Making the Book More Enjoyable and Useful to All Who Use It
“A book becomes more useful and enjoyable not by being ‘dumbed down’ but by being ‘smartened up.’ The clearer the logic and the more precisely it is expressed, the easier a book is to understand and the more engaging it becomes. With each revision, and with feedback from adopters, students, and editors, I find new ways to make difficult ideas clearer without ignoring their inherent subtlety or complexity. Sometimes this involves a simple change in wording or a minor alteration in the sequence of an argument’s elements or a new example or visual illustration that captures the essence of the argument. At other times the change is more fundamental. In this edition, my efforts toward clarity were greatly facilitated by two excellent editors—Valerie Raymond and Mary Trahan. Valerie was reading my manuscript for the first time, as a student would, and helped very much to sharpen the wording. Mary, who is the author of the study guide for each edition, brought her long experience in reading the book from the viewpoint of a student to the task of showing me where students might have difficulty.
“In the last (fifth) edition I made some large changes aimed at making the book more accessible to the full range of students. One such change was a reformulated Chapter 1, which became an orientation to the textbook and how to use its study features, as well as an orientation to psychology as a discipline. Another large change was the addition of a new review aid, hierarchical review charts, at the end of each major section within each chapter. The value of these charts is described in the “Special Features” section of this preface and again, more fully, on pp. 20-24 of Chapter 1 of the sixth edition of Psychology. Feedback concerning the fifth edition indicates that the new orientation chapter and the review charts have been very useful in helping students to learn from the book, and so these features have been retained and improved upon for this edition.

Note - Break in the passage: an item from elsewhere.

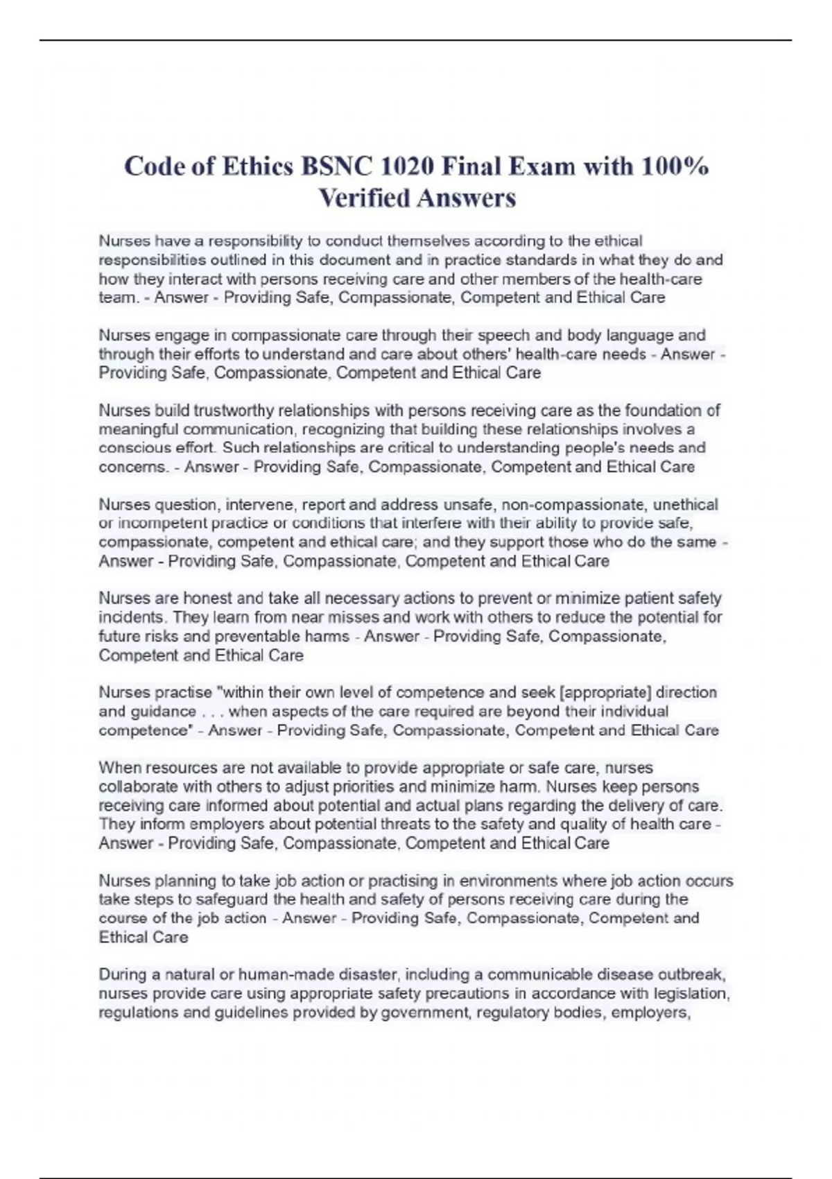 Code of Ethics BSNC 1020 Final Exam with 100% Verified Answers

“With each edition, I take personal responsibility for every detail of the book, including all of the illustrations. I am never content to add an illustration simply to brighten up the page; each photograph, drawing, and cartoon must in my mind serve a purpose that is relevant to the text. I have hand chosen all of these and written all of the captions. For this edition I have added more than the usual number of new cartoons, not just for humor but also for their value in stimulating thought. My favorite cartoons are those that in some way poke fun at the very idea I am discussing and in that way help stimulate critical thought about the idea.”